Man arrested on sexual assault charges
Published 2:25 pm Thursday, August 9, 2018
A violent man is behind bars after allegedly sexually assaulting a Clanton minor who was in the care of the offender’s family member, according to authorities.
Christopher Micheal Benjamin, 42, was taken into custody by the Chilton County Sheriff’s Office on Aug. 6 after the victim’s caretaker reported the abuse and information from a forensic interview with the subject warranted his arrest.
Benjamin is charged with first-degree sexual abuse, enticing a child for immoral purposes and parole violation.
It was his third arrest in three days.
Clanton police arrested him on Aug. 3 for public intoxication and then on Aug. 4 for disorderly conduct before he had left the county jail parking lot, according to CCSO.
According to Asst. Chief Deputy Shane Mayfield, Benjamin was released on parole in May 2017 while serving four life sentences for four counts of attempted murder plus a 15-year sentence for shooting into an occupied vehicle and a 25-year sentence for distribution of crack cocaine.

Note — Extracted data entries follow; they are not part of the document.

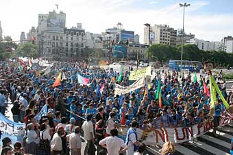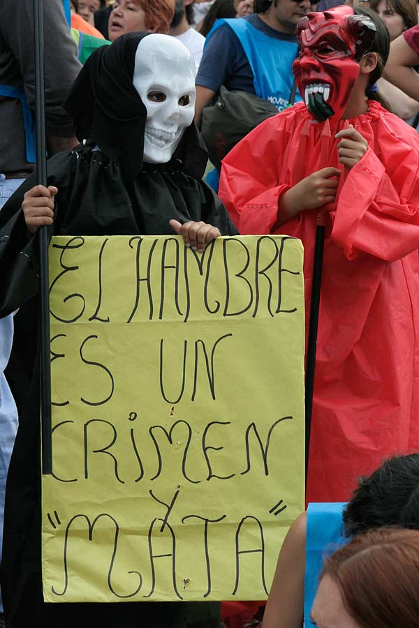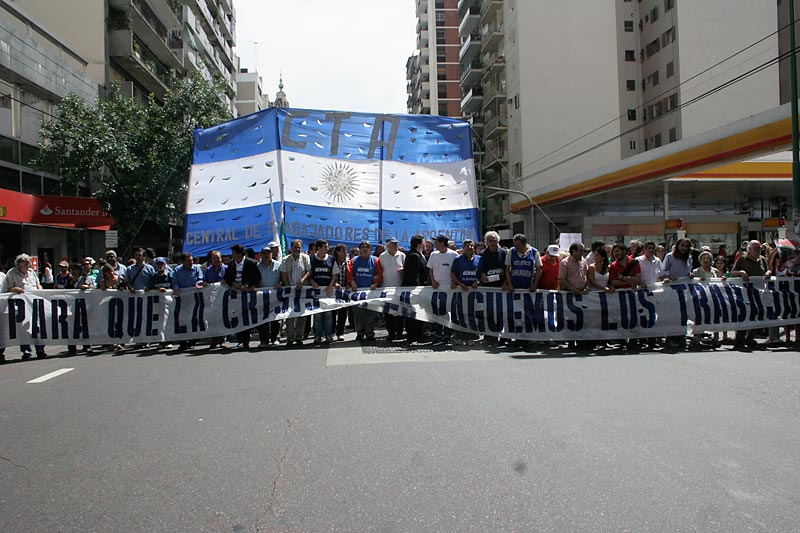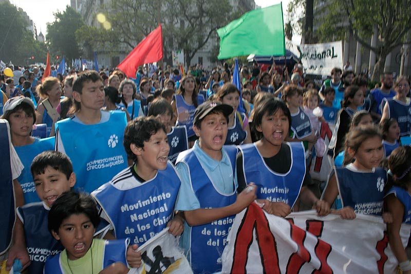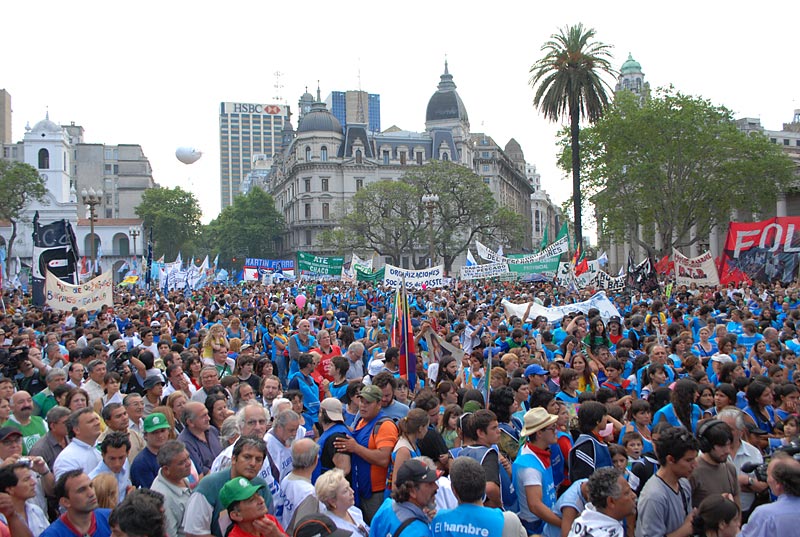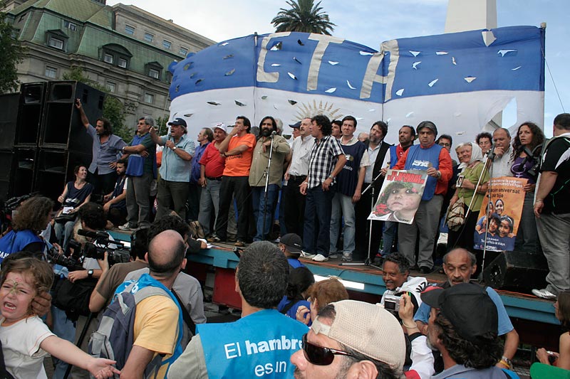 “El hambre es un crimen” y “para que la crisis no la paguen los trabajadores”, fueron los dos gritos que hoy se hicieron escuchar en la Plaza de Mayo. Más de 50 mil manifestantes llegaron hasta allí, desde todos los rincones del país, en el marco de la convocatoria de la CTA y del Movimiento Nacional de los Chicos del Pueblo. Una justa distribución de la riqueza y la implementación inmediata de una asignación universal para todos los niños y niñas de nuestro país fueron los reclamos de los trabajadores y los chicos reunidos en la histórica plaza.
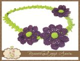 Свяжите 1 большой цветочек диаметром 5,5 см и 2 маленьких цветочка диаметром 4,5 см, а также 3 серединки цветочков в виде недовязанных шариков. Серединки цветов набейте синтепоном или остатками пряжи.
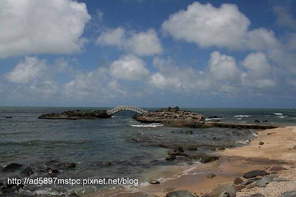 步出石門洞,往右方小徑行去,可見不遠處的海面上,有一白色拱橋橫臥於兩塊礁岩之間;以白橋為界,萬頃碧波,頓成兩個世界;橋之外,不時波濤洶湧,橋以內,卻始終風平浪靜;相傳此因白橋有一神祇駐守,常年眷戀呵護這片海域,不使情海生瀾之故……
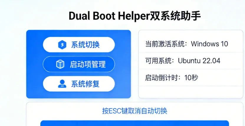 - Dual Boot Helper(双系统助手):第三方专用工具,可一键配置双系统驱动隔离、优化启动项,自动适配Windows与Linux的GPU驱动参数,避免手动修改配置文件,适合新手,支持Windows 11+Ubuntu全版本。
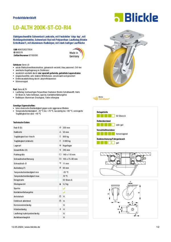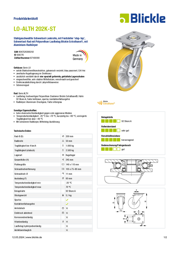 Blickle 936776 LO-ALTH 202K-ST Koło obrotowe do dużych obciążeń Średnica koła: 200 mm Maksymalne obciążenie: 1000 kg 1 s
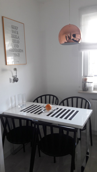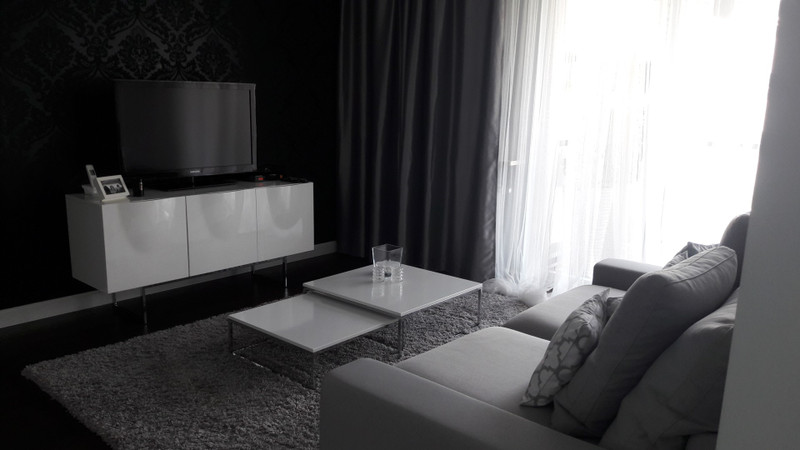 Mieszkanie jest gustownie urządzone, w pełni umeblowane i wyposażone we wszystkie niezbędne sprzęty (telewizor, pralka, lodówka, płyta indukcyjna, piekarnik, mikrofalówka, zmywarka). Łazienka z prysznicem, salon wyposażony jest w rozkładaną kanapę z funkcją spania, witryny oraz szafkę RTV, sypialnia wyposażona w wygodne łóżko tapicerowane, przestronną szafę oraz toaletkę.
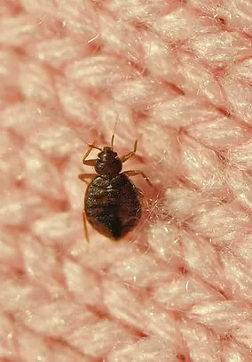 Bed-bugs are usually found in unhygienic conditions inside bedrooms as their name implies. They have a flattened appearance before a blood feed and are about five millimeters long with the look of a rather wide flea, reddish brown in color.
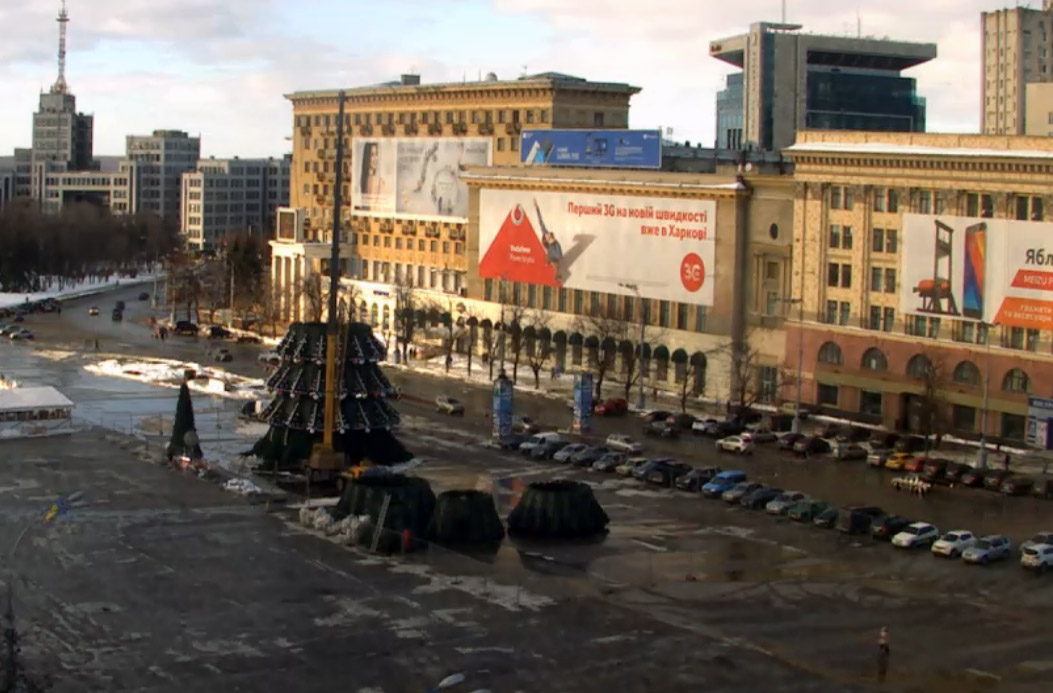 На пл.Свободы в Харькове разбирают новогоднюю елку. Рабочие демонтировали уже почти половину конструкции.
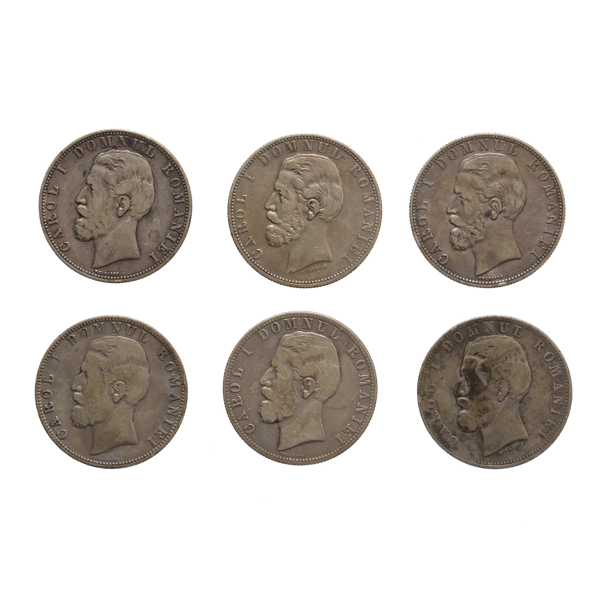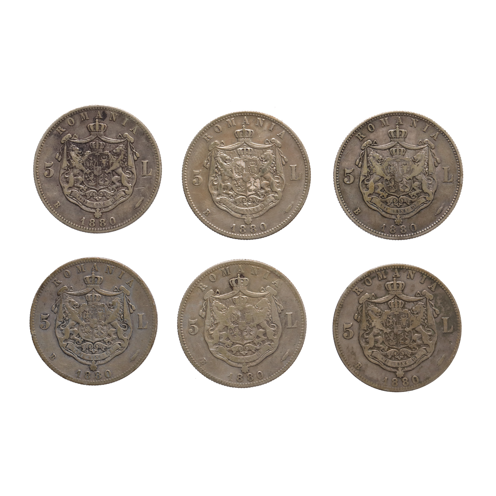 211. Lot format din șase monede de 5 Lei 1880, argint
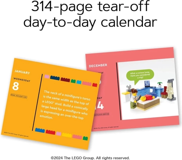 Geniet elke dag van het jaar van de leuke dagelijkse LEGO 2025 scheurkalender van Chronicle Books. Je vindt er Engelse woordgrapjes, grappen uit de LEGO-wereld, verhalen over minifiguren en gekke bouwuitdagingen. De kalender is plasticvrij, gemaakt van 100% recyclebare materialen en is perfect als cadeau voor LEGO-fans van alle leeftijden.
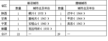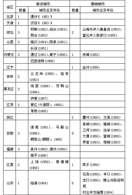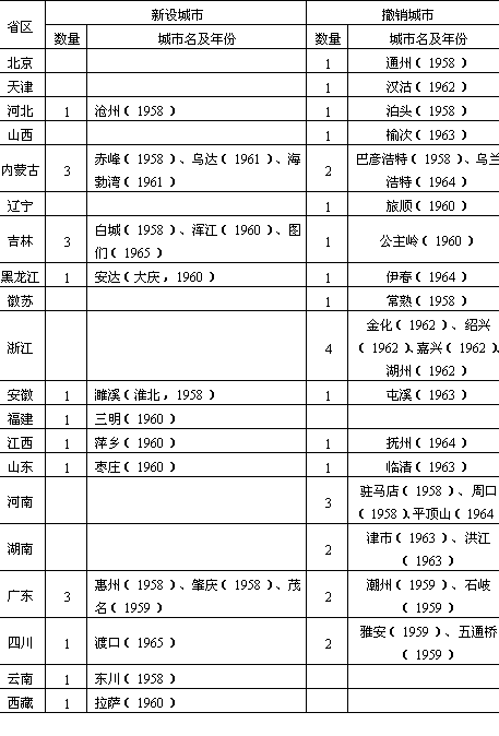 说明:(1)安徽省铜陵市1964年撤销市建制记载不一,故表中按未撤销计入; (2)省区按现行行政区划分; (3)城市名后括号中数字为设置和撤销年代; (4)台湾及港澳地区暂未列入。 资料来源:《中华人民共和国县级以上行政区划沿革》(1949—1983);《中华人民共和国政区沿革》(1949—1979)。

Mayfield has been arresting and re-arresting Benjamin since 1995.
The Department of Corrections has 2.5 pages of disciplinary reports documenting Benjamin’s violent behavior in prison, according to Mayfield.
Reports include instances of stabbing, arson, assault, fighting with a weapon, unauthorized possession of a weapon and prison contraband, disorderly conduct, making threats to employees and more.
“There should have been no expectation that he was going to do better when he got out,” Mayfield said.
Sheriff John Shearon said the state’s prison reform act, which is intended to prevent overcrowding in Alabama prisons by releasing nonviolent offenders after serving some time but retaining violent offenders, is allowing too many violent offenders to slip through the cracks of the system.
“This is what we’re dealing with now,” Shearon said. “Violent offenders are supposed to be in prison, and they’re not.”
According to CCSO, the child was as much a victim of the abuser as a victim of the justice system.
“That’s our aggravation — that child should never have been a victim, and we should have never had to have dealt with his case if the justice system had worked and he was where he was supposed to be,” Mayfield said.